Behaviour classification model

In supervised learning, the ML model is developed by training the algorithm on a labelled dataset called the training set, where each input data point is associated with a corresponding label, i.e. a behaviour. The pre-processed dataset is therefore split into a training set, a validation set, and a test set.

For training, the Catboost algorithm (Prokhorenkova et al., 2019) was used, which is an implementation of the Gradient Boosting algorithm for classification and regression. It is based on the principle of aggregating a large number of decision trees (a flowchart structure where each node represents a decision, each branch the outcome of the decision and each leaf a class in classification tasks) that best predict the training set with constraints to limit overfitting. Those constraints are given by hyperparameters, e.g. the number of leaves, the maximum depth of each decision tree and the minimum number of samples required to be at a leaf node. A thorough hyperparameter tuning was performed using the validation set (“validation set” in Figure 6; “val” set in Figure 7) and based on the highest AUC score obtained.
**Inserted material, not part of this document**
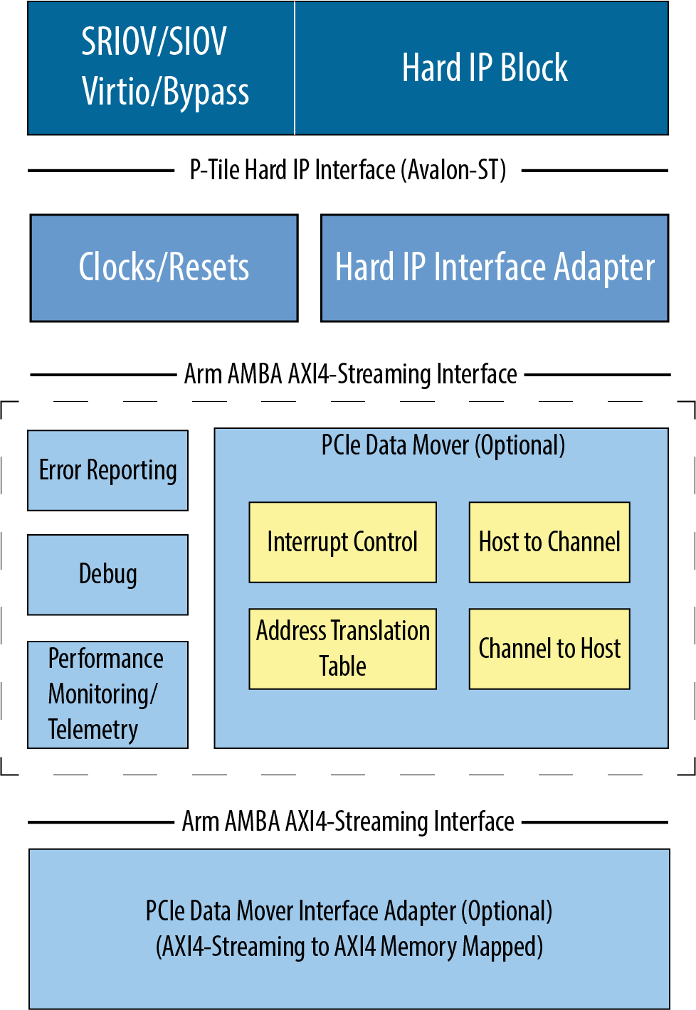 - Basic building blocks for interconnect and PF/VF translation and arbitration; Platform Interface Manager (PIM) which provides Avalon® and Arm® AMBA® 4 AXI4 bus compliant interfaces.

After training, a model was generated and the validation set (“val”) was used to calculate preliminary performance scores of the model to tune the hyperparameters. Once the model was trained and tuned, the test set (“test set” in Figure 6; “X_test”, “y_test” in Figure 7) was used to evaluate the final performance of the model with unseen data: the model predicts the behaviour from the test set data without having the corresponding labels. Then, the predicted behaviours are compared to the corresponding observed labels to calculate the final performance score.

In this work, two different types of models were developed based on two data split approaches (Figure 6):

  1. The dataset was divided based on the time-windows of all goats for sensitivity analysis, meaning that data from all goats was used during the training of the model and predictions were done for the same goats on different periods of time.
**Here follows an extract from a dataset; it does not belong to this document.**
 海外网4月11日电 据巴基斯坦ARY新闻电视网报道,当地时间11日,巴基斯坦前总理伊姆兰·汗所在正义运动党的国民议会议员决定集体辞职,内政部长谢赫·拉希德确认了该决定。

After the data pre-processing, time-windows for each goat were computed and 20% of those time-windows were excluded to create the test set, the 80% left was split into a training set (75%) and a validation set (25%).

  1. Performance scores were also computed using a goat-based split. In this case, the training was done on data from a group of goats and predictions were made on another group in the same context. Two goats were selected for testing, and the data of the six other goats was used to split the time-windows into training (75%) and validation (25%) sets. A cross-validation technique was employed using four distinct pairs of goats for testing, meaning rotating the pair of goats which was going to be used for the test set. For each pair of goats used for the test set, the performance score of the model was calculated using the AUC score. The mean of the four AUC scores was the final AUC score of the model.

The final performance of the models was evaluated using usual evaluation metrics: AUC score, accuracy, balanced accuracy, sensitivity, specificity and F1-score, calculated on the test set with the formulas presented in Appendix 2.

Figure 6 - Dataset splits into training, validation and test sets with a time-windows split approach (1) and a goat-based split approach (2).

Features selection

The features_importances_ function from the scikit-learn package (Pedregosa et al., 2011) was used to evaluate the importance of each feature. It looks at all the decisions made by each tree in the model. It then figures out which features were most helpful on average for making those decisions and calculates a weight, which indicates the impact of that feature on the prediction. The features are then ranked by their weight, allowing us to keep only a limited number of the features with the highest importance. After the features selection, the performance of the models was recalculated with 2000, 1000, 500, 100, 80, 50, 20 and 10 most important features selected with the AUC score.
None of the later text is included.